Cara was born with Kostmanns Syndrome; it’s a one in a million genetic disorder that meant she couldn’t make neutrophils. That’s the white blood cell that fights bacteria and so she had no defence against bacterial infections. She was diagnosed at 4 months old, and you would have had no idea of her condition if I hadn’t have told you. She was a happy and healthy 7 month old baby when we took her for a bone marrow transplant. Our choices were limited, we could take her for transplant or keep her at home knowing that at any point she would get an infection she couldn’t fight off. Either way, there was a chance she would die. The doctors found her a well matched donor cord and we were told there was a 90% chance she would walk out of that hospital and live a full life. No one thought she would die. I put my trust in the doctors and believed the transplant was the right option for her, and that decision that will haunt me forever. We stayed in the hospital nearly 6 months and I watched my daughter go through an endless cycle of complications, treatments and pain I can’t bear to talk about. She passed away just after her first birthday. I will always feel guilty. I know I had no choice, but I will always feel guilty. It’s what mother’s do.

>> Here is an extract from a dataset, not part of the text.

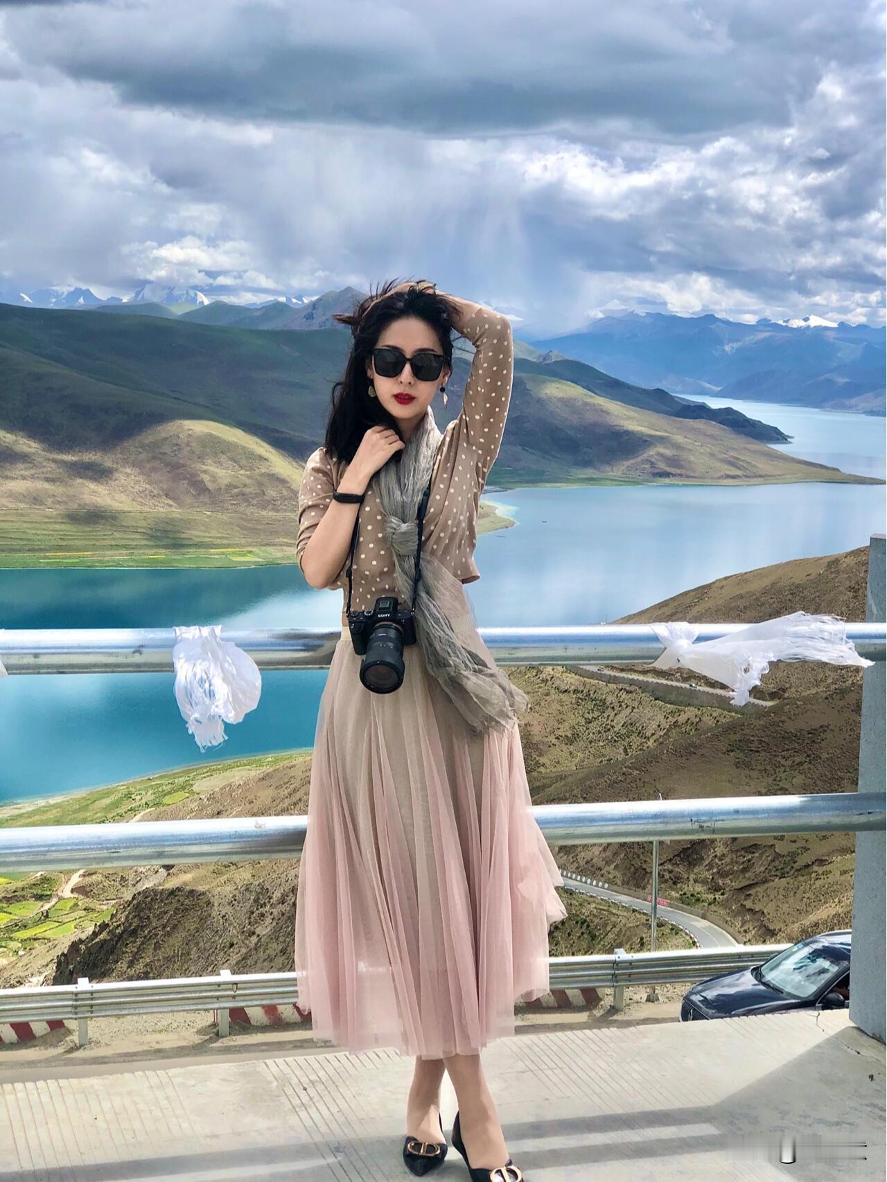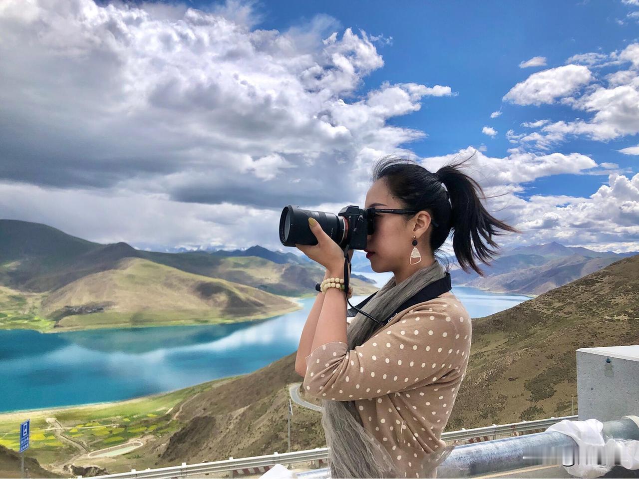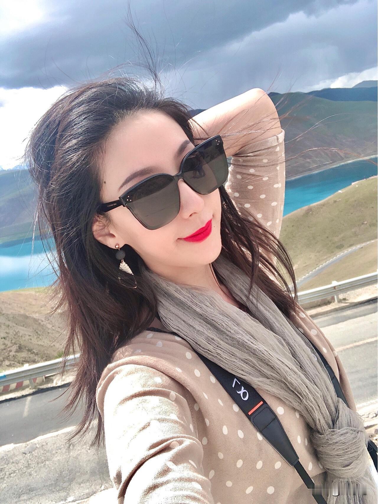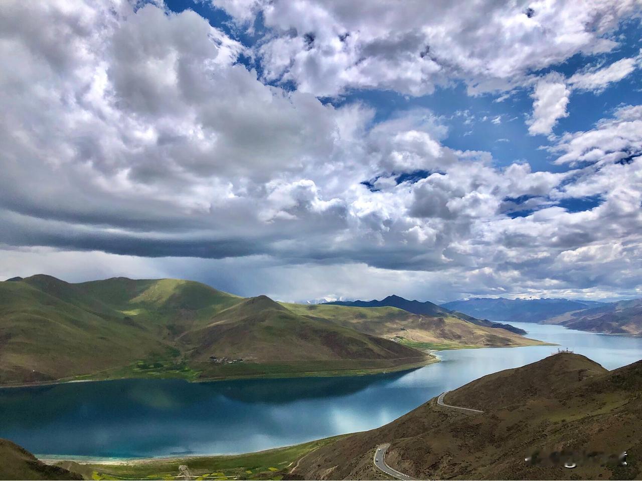 羊湖打卡||开车沿盘山公路爬升经过108个弯道,到达4998米羊卓雍措观景台,没来前在网上看图片最多的就是羊湖,一片娇羞~ 穿着红色斗篷的我,总觉得像吃小羊的狼外婆👵🤔

Guilt is a huge part of grief, I’m sure I’d feel the same way if she were run over by a bus. It never goes away but it’s not as intense anymore, I’ve just learned to accept it and to know that when it takes over me the feeling will pass. I wanted to punish myself for a long time and I allowed the guilt to take over, now I look back at how brave she was and I want to carry on with the same strength and determination she had.

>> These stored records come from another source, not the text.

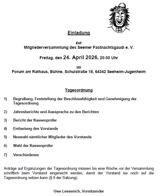 Der Kartenvorverkauf beginnt am 11.11. 09:00 Uhr. Weitere Informationen findet ihr auf unserer Veranstaltungsseite zur Fastnacht 2026: https://seemer-fastnachtsgaudi.de/Fastnacht2026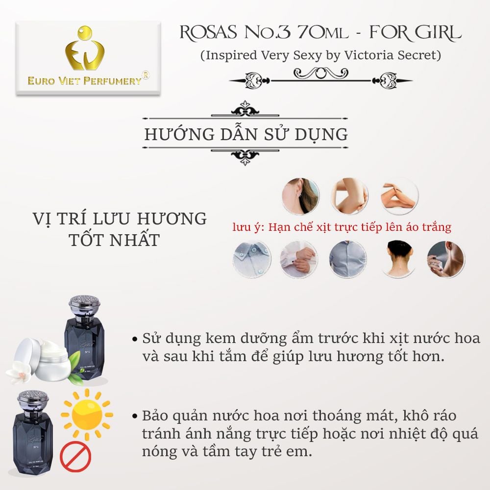 - MIÊU TẢ: Nếu như Parfum de Rosas No.1 đại diện cho sự quyến rũ nhẹ nhàng, Parfum de Rosas No.2 cho sự sang trọng thì đến Parfum de Rosas No.3 bạn sẽ hoàn toàn hài lòng với sự gợi cảm mãnh liệt, sự khiêu khích đầy kích thích. Parfum de Rosas No.3 thích hợp cho các cô nằng cá tính, trẻ trung và tự tin vào sự gợi cảm của bản thân. Có thể nói đây là mùi hương đa năng khi sử dụng phù hợp cho cả ngày lẫn đêm và dùng được cho tất cả các mùa trong năm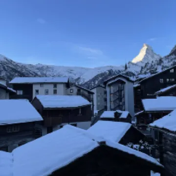 当ホテルはツェルマットの町の中心部という非常に良い場所にあり、ツェルマット駅からは徒歩わずか 5 分で、どこに行くにもとても便利です。ホテルは木造で、部屋はとても広くて快適で、ダブルのバスルームとバルコニーも付いています。ホテルの装飾もとても丁寧です。素晴らしいです!マッターホルンに面したバルコニー付きの部屋に泊まったのですが、値段は決して安くはありませんでしたが、バルコニーに立つとまるで油絵のようにマッターホルンが目の前に現れ、とても価値があると感じました。

Two years on from Cara’s death and I am living. I am not killing time every day; I am enjoying precious moments with my sons and my family and have a focus that’s not going anywhere. I have accepted that my life will always be tainted, but have also gained a new outlook on life. Now I don’t worry about anything; if it’s not life threatening and it doesn’t immediately affect the health and happiness of my family it’s not a problem. I see the worries of everyday life that used to get me down and smile because I know there is nothing to worry about anymore. The worst has already happened.

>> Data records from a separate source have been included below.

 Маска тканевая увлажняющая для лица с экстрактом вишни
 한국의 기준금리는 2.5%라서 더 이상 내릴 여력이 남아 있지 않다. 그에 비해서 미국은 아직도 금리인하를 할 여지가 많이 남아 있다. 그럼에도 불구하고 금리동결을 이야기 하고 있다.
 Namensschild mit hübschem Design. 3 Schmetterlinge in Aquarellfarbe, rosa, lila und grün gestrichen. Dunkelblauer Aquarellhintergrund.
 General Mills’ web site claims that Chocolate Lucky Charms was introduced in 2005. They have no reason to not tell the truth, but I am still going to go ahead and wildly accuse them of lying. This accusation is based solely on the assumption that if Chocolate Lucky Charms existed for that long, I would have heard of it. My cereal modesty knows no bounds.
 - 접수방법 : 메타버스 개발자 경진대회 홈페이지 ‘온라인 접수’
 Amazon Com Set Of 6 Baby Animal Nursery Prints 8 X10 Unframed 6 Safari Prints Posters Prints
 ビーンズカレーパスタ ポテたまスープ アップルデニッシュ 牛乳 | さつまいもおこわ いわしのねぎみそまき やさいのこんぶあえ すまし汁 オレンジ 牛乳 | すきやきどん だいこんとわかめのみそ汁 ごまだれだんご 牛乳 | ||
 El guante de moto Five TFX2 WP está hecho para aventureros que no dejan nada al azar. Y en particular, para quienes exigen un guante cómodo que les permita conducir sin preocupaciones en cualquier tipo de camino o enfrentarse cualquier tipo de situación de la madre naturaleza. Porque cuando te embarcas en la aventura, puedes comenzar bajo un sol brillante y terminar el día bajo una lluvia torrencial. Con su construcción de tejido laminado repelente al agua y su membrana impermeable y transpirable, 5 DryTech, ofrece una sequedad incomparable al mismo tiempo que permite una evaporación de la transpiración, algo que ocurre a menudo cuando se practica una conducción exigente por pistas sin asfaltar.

I’m sure my grief isn’t going anywhere, the pain will be with me forever. But the saying ‘time is a great healer’ is proving to be true to an extent. I used to laugh at it, but I’m starting to believe it. I started out just trying to get through each day, then week, then month. Now, I don’t take so much notice of time. The anniversaries are the hardest, Christmas, birthdays and days like today. I still find myself killing time around those dates. A part of me has gone, and is never coming back.
To a mother who’s just lost a child, I’d say you have to carry on. Find a way to get through each day and find your life again, it’s still there.
Life will never be the same, you will never be the same person. The pain will never go away but you’ll get better at dealing with it and eventually you’ll find yourself enjoying a moment again, and the times between the pain will get longer and longer.
If Kay’s story has moved you then please help us do something special for Cara’s anniversary and donate to Madison Merrick – a little girl who is also battling for her life. Kay’s friends and family raised money for the Manchester Children’s Critical Care Fund, and Kay would now love us to support a little girl who is still fighting her battle. One less pint in the pub or bottle of wine on a night out could change this little girl’s life, so dig deep and donate.
If you would like to find out more about Madison Merrick’s story click here.
To directly donate to her cause click here.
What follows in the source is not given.